DURATION: 1 lab session


To introduce you to describing pieces of text using regular expressions.


Write a series of patterns (regular expressions) suitable for use with egrep, trying out most of the available facilities. (A condensed version of the man page for egrep is available via the web pages.)
Investigate the differences between egrep and flex by rewriting some of these regular expressions for use with flex. (A description of the regular expressions used with flex is also available via the web pages.)


You are advised to attempt each part in sequence, but only the parts indicated by a '*' are actually marked.

a) egrep

The simplest way of using egrep is to type the whole command on a line. To simplify marking, type your commands into a edit window, and copy-and-paste them into a shell window. (Alternatively, if you know how to use shell scripts or something similar, feel free.)

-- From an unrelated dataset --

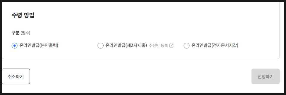 7. 그리고 수령방법을 선택한 후 하단의 신청하기를 눌러주면 됩니다.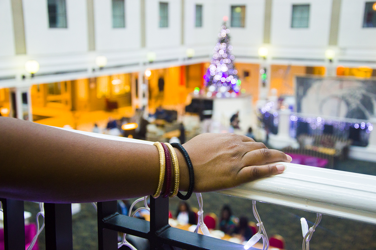 Côté accesoires, j’ai craqué pour ces escarpins bordeaux. J’adore le liseret doré en haut du talon. C’est un détail discret mais qui donne tout son charme à cette paire de talons. La pochette a une texture peau de croco et des bords doré. J’ai finalisé le look avec des bracelets doré, noire et bordeaux qui donnent un peu de couleurs et une paire de boucles d’oreille au style orientale.

        egrep 'pattern' file
lists every line in the file that contains the pattern. It is important that you quote the pattern using ' characters so that the shell does not try to recognise special characters that are meant for egrep. Try
        egrep 'tom' /usr/dict/words
Do not use the '-i' facility of egrep to ignore the case of letters, and (except for a6) do not use the '-v' facility to invert the test - I want you to learn how to use regular expressions in general, rather than with a specific program.

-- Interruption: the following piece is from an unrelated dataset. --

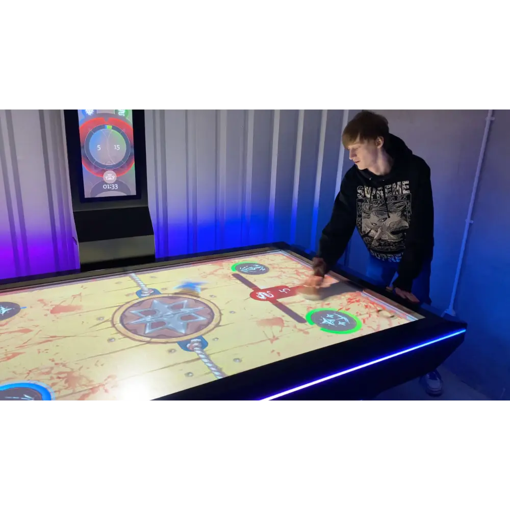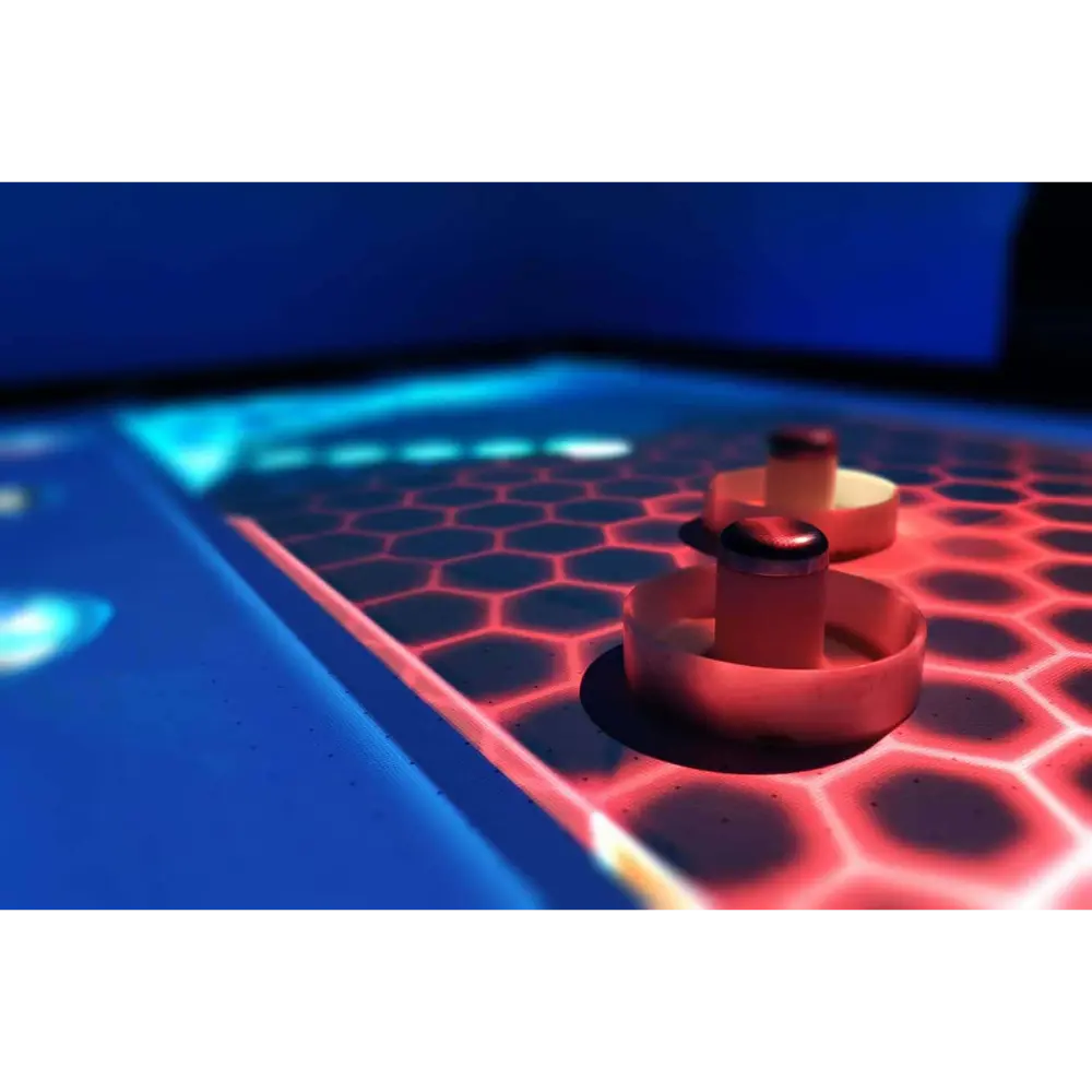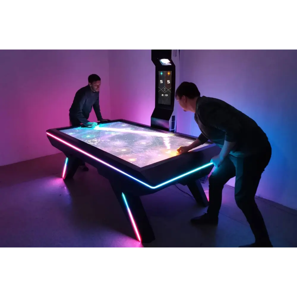 The Augmented Reality Air Hockey is a cutting-edge entertainment solution that merges traditional air hockey mechanics with interactive digital projection. Players use real paddles and a physical puck, but the playing surface is transformed by high-quality AR visuals that respond dynamically to gameplay. The system currently supports five different game modes, each offering unique visual effects and challenges that require players to adapt their strategies to the digital overlays. The table itself is built for durability and visual appeal. It features a matte-finish steel body, ensuring long-term resilience in high-traffic environments. Aesthetic enhancements include recessed LED strip lighting around the table edges and legs, creating a futuristic ambiance that complements the AR experience. For operational flexibility, the unit supports contactless payments, coin mechanisms, or free-to-play configurations, making it suitable for arcades, exhibitions, and educational venues. Operators benefit from a built-in display panel that provides access to game analytics, enabling them to track usage patterns and optimize engagement. This combination of tactile gameplay, immersive visuals, and robust hardware makes AR Air Hockey a standout attraction in any interactive gaming space.

For the first 6 parts you should search in "$CS2111/p*/ex1/words", which contains one word per line.

a1 Find all the words containing an apostrophe ('). To fool the shell into passing an apostrophe on to egrep, use

as the pattern to recognise one apostrophe, surrounded by more apostrophes as described above i.e.
All these apostrophes are overkill, but they will work here and elsewhere (e.g. in a6). If you understand bash you can omit some.

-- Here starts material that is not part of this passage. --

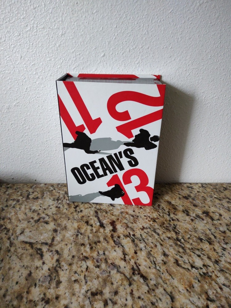 Oceans Eleven + Twelve + Thirteen Collection Box Set (DVD). Very good condition! Ocean's Eleven is a 2001 American heist comedy film directed by Steven Soderbergh and written by Ted Griffin. The first installment of the Ocean's franchise, it is a remake of the 1960 Rat Pack film of the same name. Ocean's Eleven features an ensemble cast, including George Clooney, Brad Pitt, Matt Damon, Don Cheadle, Andy García, Bernie Mac and Julia Roberts. The story follows friends Danny Ocean (Clooney) and Rusty Ryan (Pitt), who plan a heist of $160 million from casino owner Terry Benedict (García), the lover of Ocean's ex-wife Tess (Roberts). Upon release, the film was a success at the box office and with critics; it was the fifth highest-grossing film of 2001, with a worldwide gross of $450 million. Soderbergh directed two sequels, Ocean's Twelve in 2004 and Ocean's Thirteen in 2007, which make up the Ocean's Trilogy. Ocean's 8, a spin-off with an all-female lead cast, was released in 2018. Ocean's Twelve is a 2004 American heist comedy film directed by Steven Soderbergh. The second installment of the Ocean's franchise and the sequel to Ocean's Eleven (2001), the film stars an ensemble cast consisting of George Clooney, Brad Pitt, Matt Damon, Catherine Zeta-Jones, Andy García, Julia Roberts, Don Cheadle, and Bernie Mac. The film was released in the United States on December 10, 2004, and received generally mixed reviews from critics. It was a financial success, grossing $362 million and becoming the tenth-highest-grossing film of 2004. It is followed by Ocean's Thirteen (2007). Ocean's Thirteen (also written as Ocean's 13 ) is a 2007 American heist comedy film directed by Steven Soderbergh. It is the third installment in the Ocean's franchise, the sequel to Ocean's Twelve (2004), and the final film in the Ocean's Trilogy. The entire male cast reprised their roles from the previous installments, with Al Pacino and Ellen Barkin joining the cast, but both Julia Roberts and Catherine Zeta-Jones didn't return. Filming began in July 2006 in Las Vegas and Los Angeles, based on a script by Brian Koppelman and David Levien. The film was screened as an Out of Competition presentation at the 2007 Cannes Film Festival, and was released on June 8, 2007 in the United States. The film was well-received and grossed $311 million worldwide. Shipped with USPS Media Mail.

a2 Find all the words containing any decimal digits.

a3 Find all the proper names (i.e. starting with an upper-case letter).

a4 Find all the acronyms (i.e. words containing no lower-case letters).

a5 Find all the single-character words.

a6* Create a file "words" containing everything in $CS2111/p*/ex1/words that is not a single character nor an acronym nor contains a decimal digit nor an apostrophe (but including proper names that aren't acronyms).
An obvious way to do this is to use a different egrep for each set of words to discard, and run them in sequence. However, I want you to use a single egrep, using -v to invert the meaning of the search, so that only lines that don't match the pattern are copied to the output:

        egrep -v 'pattern' $CS2111/p*/ex1/words >words

For the next 4 parts you should search in your file "words".

a7 Find all the words that contain no vowels (i.e. aeiouAEIOU).

a8* Find all the words that consist only of (some or all of) the letters aeiouyAEIOUY.

a9 Find all the words that contain the five vowels in alphabetic order (and contain any other vowels and letters etc.).
For this part and the next part, what is required is a pattern of the form

where A, E, I, O, U indicate sub-patterns that recognise the vowels, and the "..."s indicate various sub-patterns that recognise whatever is between the vowels and maybe also what precedes and follows the 5 vowels.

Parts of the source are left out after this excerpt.